Beyond Rafsanjani, this wanted list includes the names of former foreign minister Ali Akbar Velyati, intelligence minister Ali Fallahian and Revolutionary Guards commander Mohsen Rezai. Iranian Supreme Leader Ali Khamenai was also implicated in the planning sessions for the bombing attack, but escaped indictment through the principle of sovereign immunity.
Yet the AMIA bombing is hardly the only case in which Tehran employed its Hezbollah surrogates to score political points through the murder of foreign civilians. In the 1980s, Hezbollah kidnapped dozens of American, French and British hostages in a self-declared campaign to rid Lebanon of Western influence. Many of those abducted diplomats, journalists and teachers were executed by their captors.
When the string of airline hijackings and overseas bombings committed by Hezbollah are added to its organisational portfolio, the portrait of the Lebanese Shi'ite militia becomes uglier still. But despite countless litres of innocent blood on its hands, Hezbollah's defenders insist the movement does not engage in terrorism.
Just last year, a veritable who's who of Australia's Islamic leadership demanded Hezbollah be removed from the Commonwealth's list of proscribed terrorist organisations. During the latest conflict in Lebanon, members of the Government's Muslim Reference Group expressed frustration over the Prime Minister's refusal to countenance their petition.

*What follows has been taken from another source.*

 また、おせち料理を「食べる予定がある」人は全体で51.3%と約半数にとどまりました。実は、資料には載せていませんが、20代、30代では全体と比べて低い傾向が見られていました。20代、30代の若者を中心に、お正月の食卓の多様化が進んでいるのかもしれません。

To categorise Hezbollah as a terrorist group was unjust, argued Reference Group chairman Ameer Ali, because such a classification puts the Shi'ite militia "on par with al-Qaida, when it is totally different".

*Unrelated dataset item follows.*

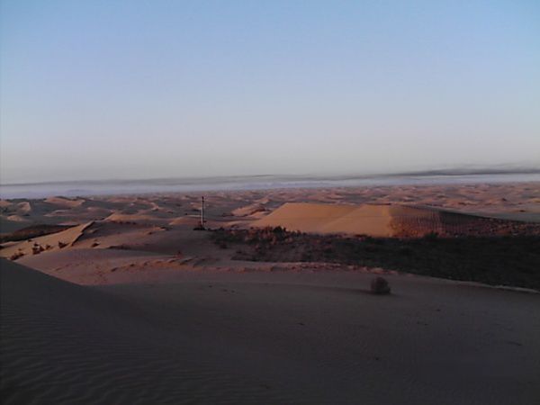 为了看沙漠日出,我和朋友凌晨五点半就起床了,但还时晚了,我们只好急急忙忙,随随便便地收拾一下,奔跑下楼,事实约好的罗师傅已经在楼下等候了。初冬早晨六点的中卫城似乎还在睡梦中,我们在黎明来临前的黑暗中向沙漠出发了。

But there is no valid distinction to be made between bombing a community centre in Buenos Aires and blowing up commuter trains in London or Madrid. For too many years, too many in Australia's Islamic community have been trying to have their cake and eat it too. The Muslim leadership regularly trafficks in a form of double speak that condemns or condones suicide terrorism on the basis of political convenience and affinity.